Exercise description – Reproduce exactly the entries from the "Bursa Büyükşehir Belediyesi’nin" line to the end. Skip all pictures.

'''

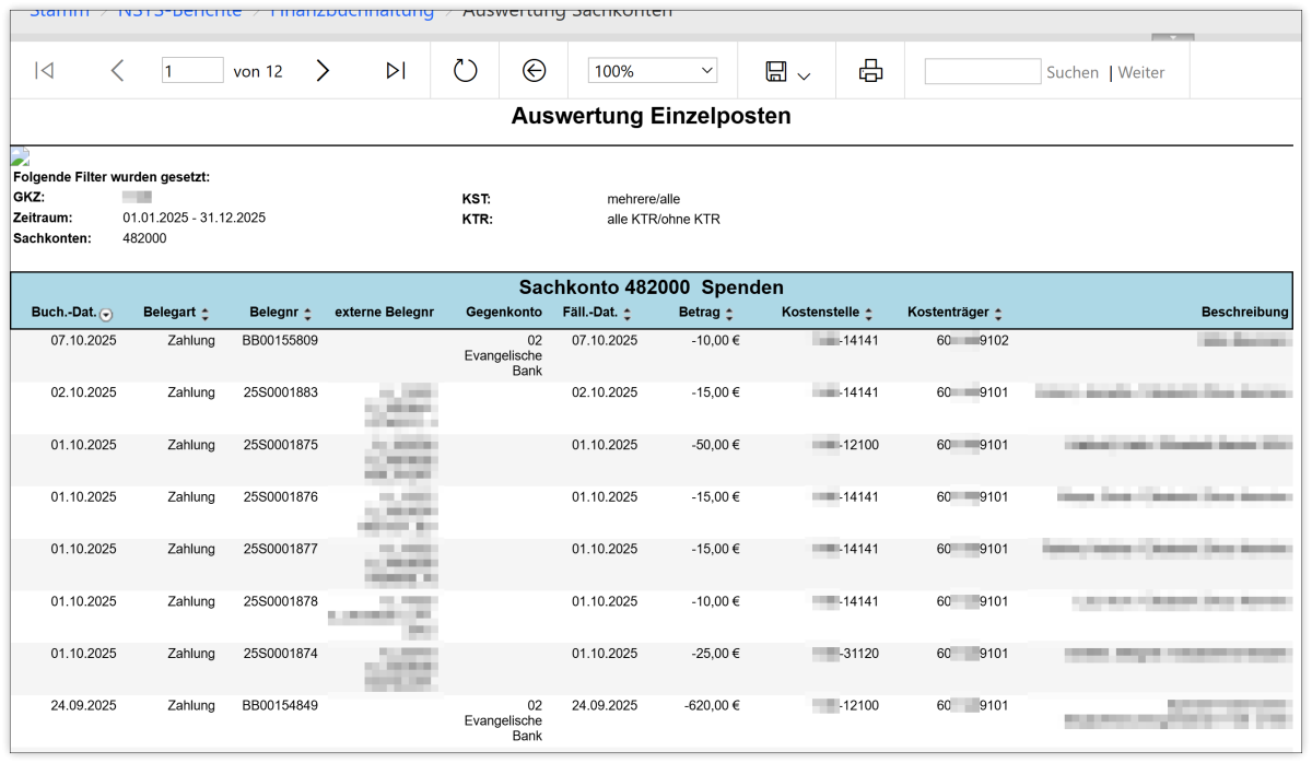 Der Bericht dient der Auswertung aller Sachkonten mit einzelnen Buchungen auf dem Sachkonto. Die Sortierung erfolgt automatisch nach dem Buchungsdatum und enthält auch Angaben zum Gegenkonto (Mittelgeber/Mittelempfänger).
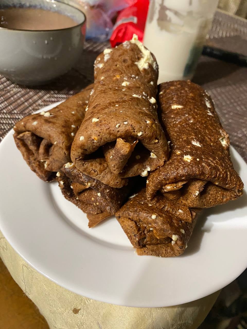 5. Heat a pan very well and cook the pancakes on a dry pan (no oil).
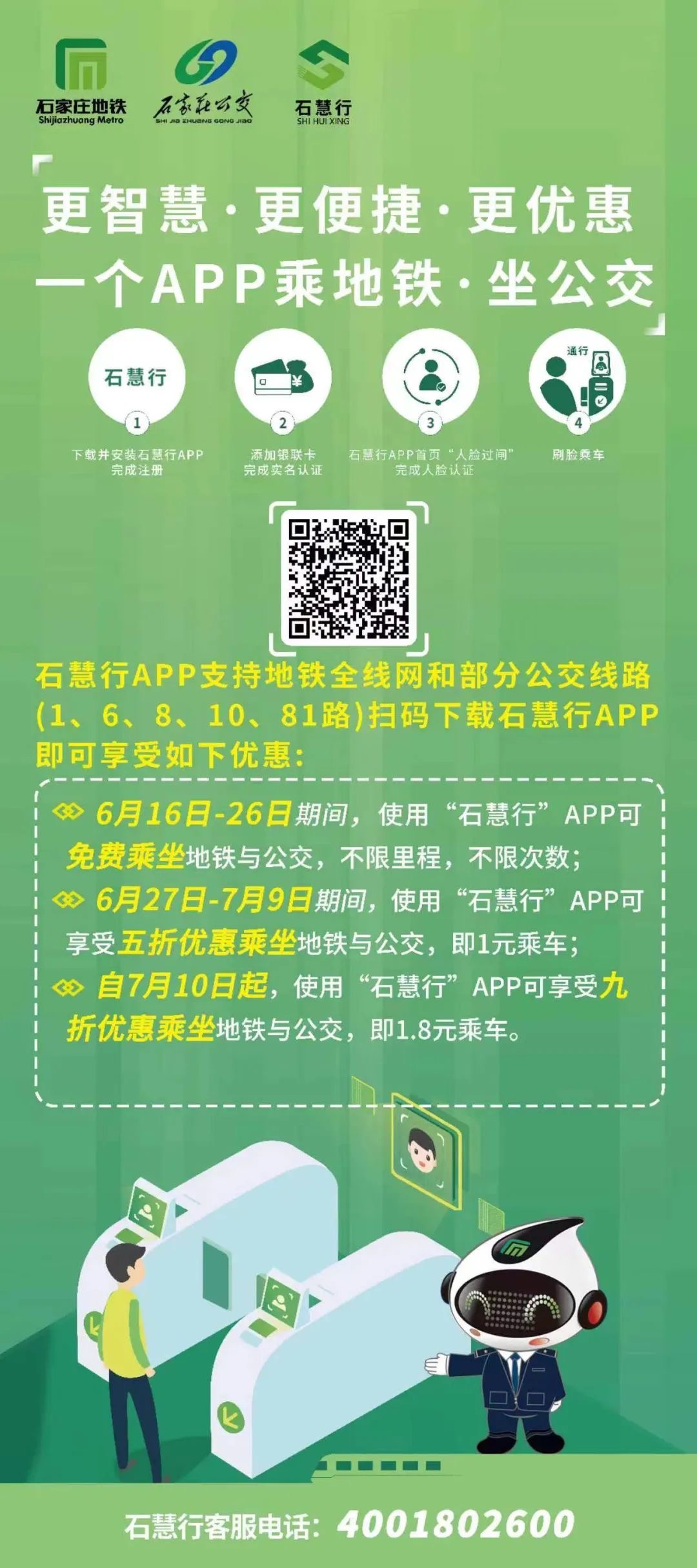 1、6月16日-26日期间,使用“石慧行”APP可免费乘坐地铁与公交,不限里程,不限次数;
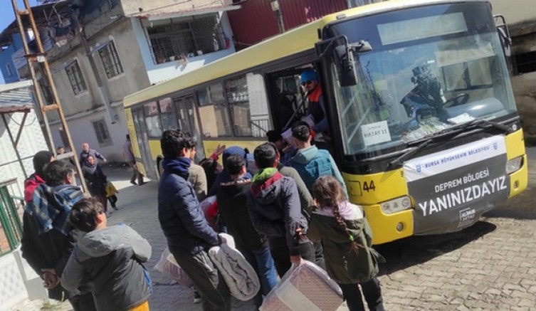 Bursa Büyükşehir Belediyesi’nin deprem yaralarını sarma çalışmaları kesintisiz devam ediyor. Büyükşehir Belediyesi’nin arama kurtarmada itfaiye, altyapı onarımında BUSKİ, sıcak yemek ve erzak dağıtımında BURFAŞ, ekmek temininde BESAŞ, su temininde Jeotermal A.Ş ve meyve temininde de Tarım Peyzaj A.Ş marifetiyle başlattığı seferberliğe, Burulaş da lojistik destekle katıldı. Bursalı gönüllülerden toplanan yardımları 20 sarı otobüsle Hatay merkeze ulaştıran Burulaş, bu otobüslerden 15’ini yardımların dağıtımı için Hatay’da bıraktı. Mahalle mahalle dolaşan sarı otobüsler, yardımları afetzedelerin ayağına kadar götürdü.
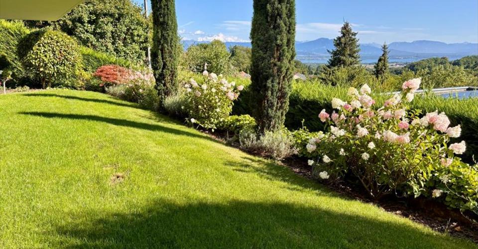 Très bel appartement, contemporain avec spacieuse terrasse (jacuzzi intégré), ayant comme atout un beau jardin, totalement privatif au niveau inférieur de 300 m2 en servitude d’usage exclusive). C’est un concept idéal entre maison et appartement, permettant une flexibilité d’entretien (charges PPE très raisonnable de 725.-/mois). Atouts de cet appartement : – Appartement avec indépendance d’une maison – Ascenseur privatif – Surface généreuse de 220 m² et 80 m² utile – Cuisine avec îlot central et Office – Trois chambres et trois salle d’eau – salle de jeux/fitness Et pour terminer une vue, absolument splendide sur le lac, les Alpes, tout en étant au calme et dans la verdure. Bien rare sur le marché!

'''

Task solution –
 Bursa Büyükşehir Belediyesi’nin deprem yaralarını sarma çalışmaları kesintisiz devam ediyor. Büyükşehir Belediyesi’nin arama kurtarmada itfaiye, altyapı onarımında BUSKİ, sıcak yemek ve erzak dağıtımında BURFAŞ, ekmek temininde BESAŞ, su temininde Jeotermal A.Ş ve meyve temininde de Tarım Peyzaj A.Ş marifetiyle başlattığı seferberliğe, Burulaş da lojistik destekle katıldı. Bursalı gönüllülerden toplanan yardımları 20 sarı otobüsle Hatay merkeze ulaştıran Burulaş, bu otobüslerden 15’ini yardımların dağıtımı için Hatay’da bıraktı. Mahalle mahalle dolaşan sarı otobüsler, yardımları afetzedelerin ayağına kadar götürdü.
 Très bel appartement, contemporain avec spacieuse terrasse (jacuzzi intégré), ayant comme atout un beau jardin, totalement privatif au niveau inférieur de 300 m2 en servitude d’usage exclusive). C’est un concept idéal entre maison et appartement, permettant une flexibilité d’entretien (charges PPE très raisonnable de 725.-/mois). Atouts de cet appartement : – Appartement avec indépendance d’une maison – Ascenseur privatif – Surface généreuse de 220 m² et 80 m² utile – Cuisine avec îlot central et Office – Trois chambres et trois salle d’eau – salle de jeux/fitness Et pour terminer une vue, absolument splendide sur le lac, les Alpes, tout en étant au calme et dans la verdure. Bien rare sur le marché!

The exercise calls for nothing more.